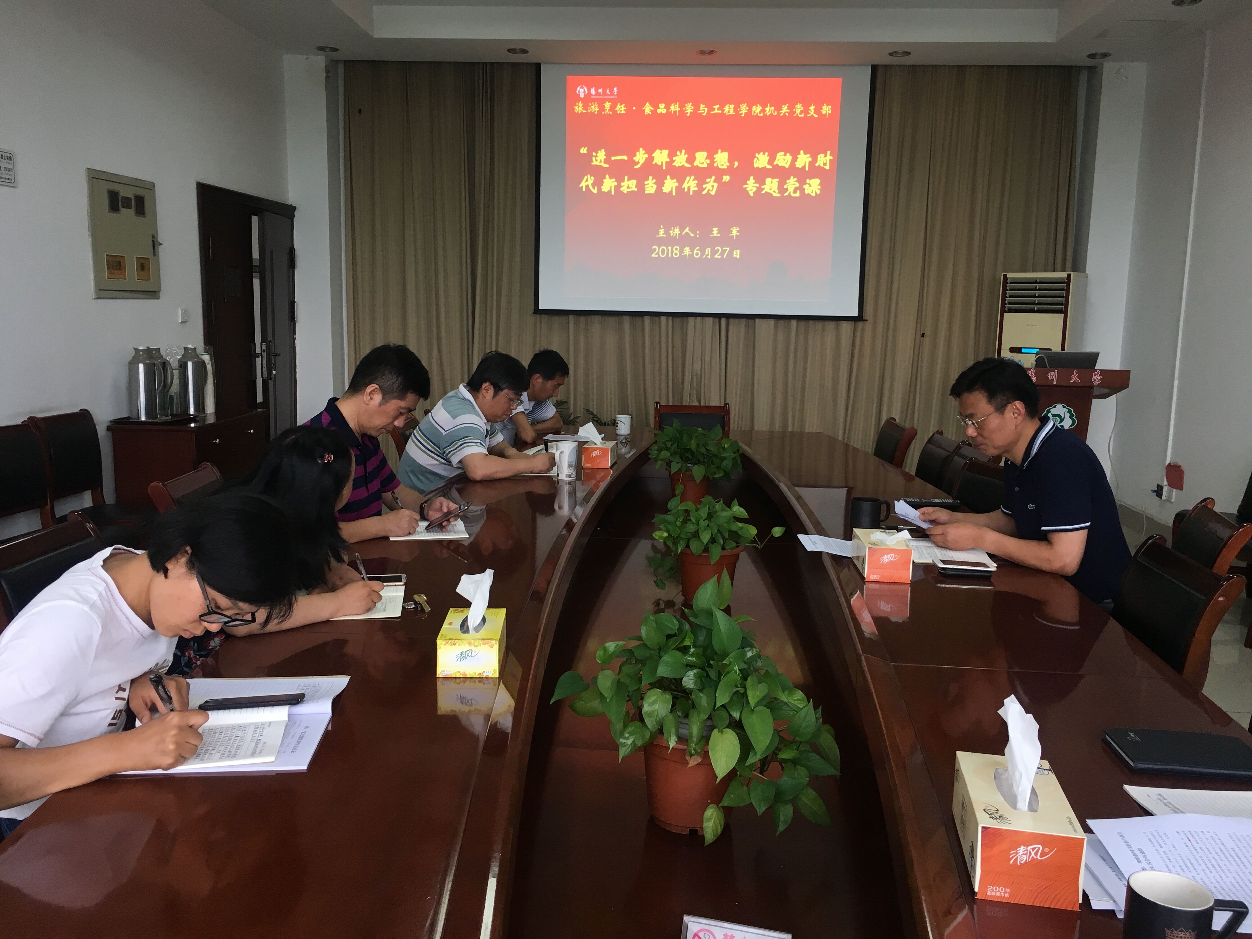 院党委书记孙云寿参加了食品科学与工程系教工党支部专题组织生活会,以《把握新时代新要求谋求新担当新作为》为主题做党课。孙书记指出,党员要提高政治站位,增强政治责任感和使命感;要贯彻落实新发展理念,推动学院高质量发展;要不忘初心,时刻保持奋斗的精神状态和工作姿态。孙书记强调,全体党员要以永不懈怠的精神状态和一往无前的奋斗姿态,忠诚履责、尽心尽责、勇于担责,为扬州大学早日建成高水平研究型综合性大学而努力奋斗。
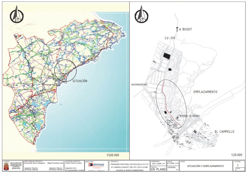 La carretera CV-777, cuya titularidad corresponde a la Diputación de Alicante, discurre entre las localidades de El Campello y de Busot. Las actuaciones contenidas en el proyecto consisten en la construcción de un itinerario peatonal-ciclista en la zona adyacente a la carretera, con el fin de conectar el que será el nuevo cementerio de El Campello con la ciudad.
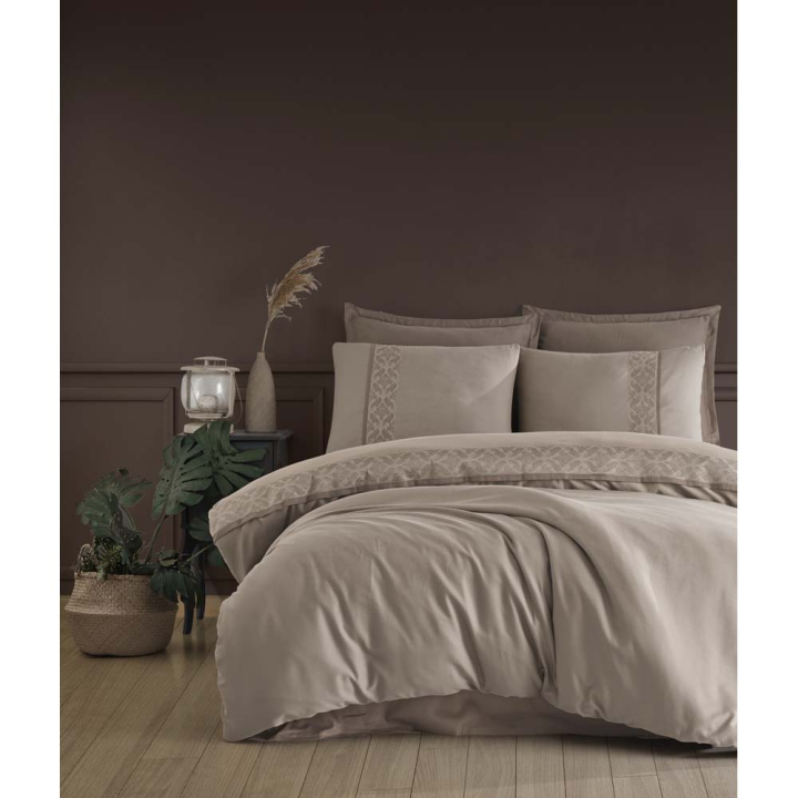 Спален комплект от 4 части в бежов цвят с елегантна бродерия, 100% памук ранфорс

## EXERCISE AIM:
Copy out all the data above exactly, pictures excluded.

## FINISHED TASK:
 院党委书记孙云寿参加了食品科学与工程系教工党支部专题组织生活会,以《把握新时代新要求谋求新担当新作为》为主题做党课。孙书记指出,党员要提高政治站位,增强政治责任感和使命感;要贯彻落实新发展理念,推动学院高质量发展;要不忘初心,时刻保持奋斗的精神状态和工作姿态。孙书记强调,全体党员要以永不懈怠的精神状态和一往无前的奋斗姿态,忠诚履责、尽心尽责、勇于担责,为扬州大学早日建成高水平研究型综合性大学而努力奋斗。
 La carretera CV-777, cuya titularidad corresponde a la Diputación de Alicante, discurre entre las localidades de El Campello y de Busot. Las actuaciones contenidas en el proyecto consisten en la construcción de un itinerario peatonal-ciclista en la zona adyacente a la carretera, con el fin de conectar el que será el nuevo cementerio de El Campello con la ciudad.
 Спален комплект от 4 части в бежов цвят с елегантна бродерия, 100% памук ранфорс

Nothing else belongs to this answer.